Chicken salad #7

Yield: 2 servings

Measure Ingredient
½ cup Pineapple chunks* (no sugar)
1 tablespoon Vinegar; cider or rice
1 tablespoon Soy sauce
1½ teaspoon Mustard; Dijon-style
1 teaspoon Oil; peanut or vegetable
¼ teaspoon Seasoned salt
6 ounces Chicken breast*
2 cups Lettuce; shredded
¼ cup Onions; green-chopped
2 tablespoons Parsley; chopped
¼ cup Green pepper
1½ ounce Water chestnuts; sliced
1 \N Onion; green-*
½ teaspoon Sesame seed, toasted

In medium glass (not aluminum) bowl combine pineapple juice* (reserved from can) vinegar, soy sauce, mustard, oil, and seasoned salt.
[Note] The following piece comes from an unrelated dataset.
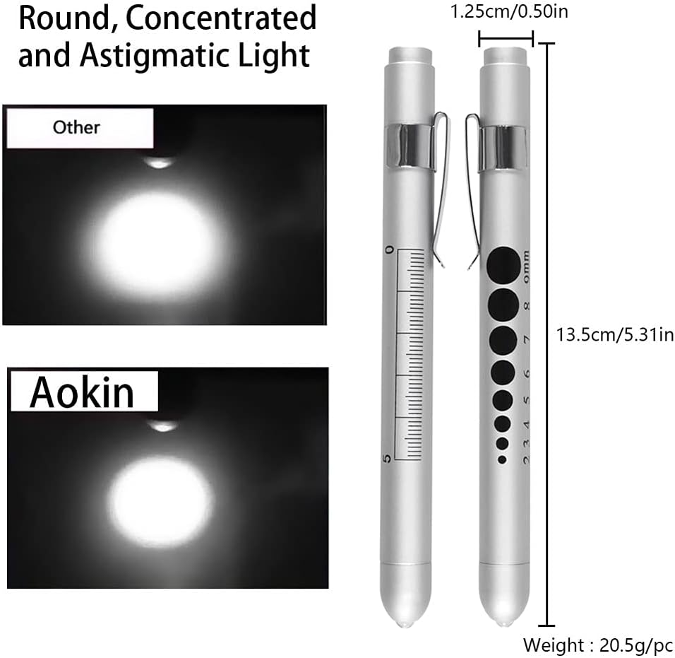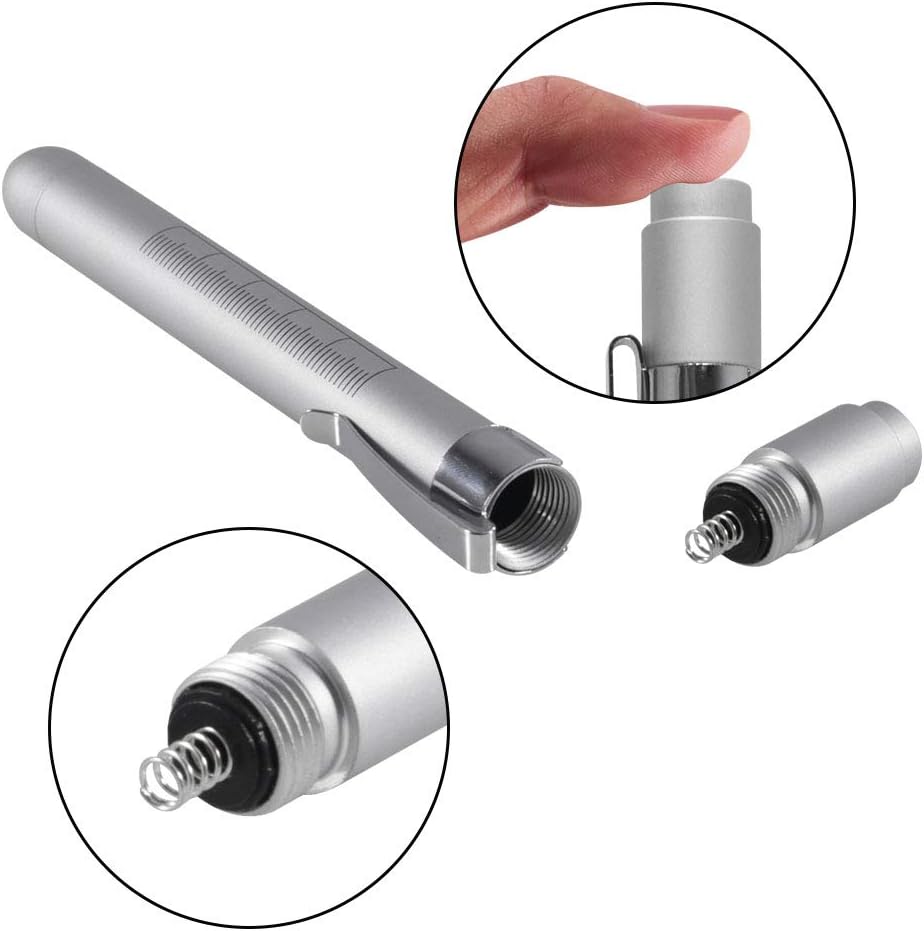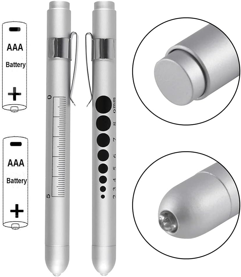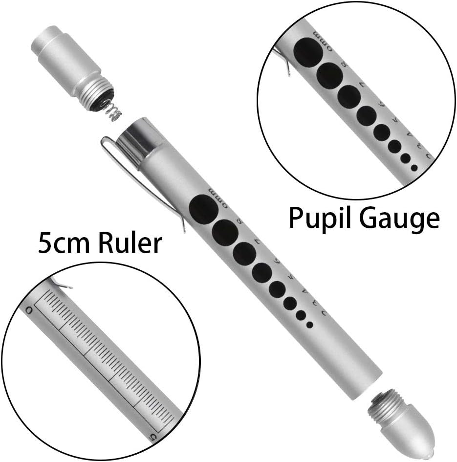 الميزة: يوجد مقياس حدقة العين ومسطرة 5 سم على جانب ضوء القلم، للمساعدة في تحديد حجم حدقة المريض عند إجراء تقييم عصبي وعمل الأطباء أو الممرضات اليومي.

Add chicken* which has been skinned, boned, cooked and cut into thin strips, and toss to coat. Cover with plastic wrap and refrigerate for 1 hour. Toss mixture occasionally. In another bowl combine lettuce, sliced green onions, and parsley and toss to comvine. Cover with plastic wrap and refrigerate until ready to use. To serve, line serving platter with lettuce mixture. Spoon chicken mixture onto lettuce mixture and top chicken with pineapple chunks, bell pepper, and water chestnuts; garnish with green onion* (trimmed and cut lengthwize into 4 strips) and sprinkle with sesame seed. 245 calories/serving.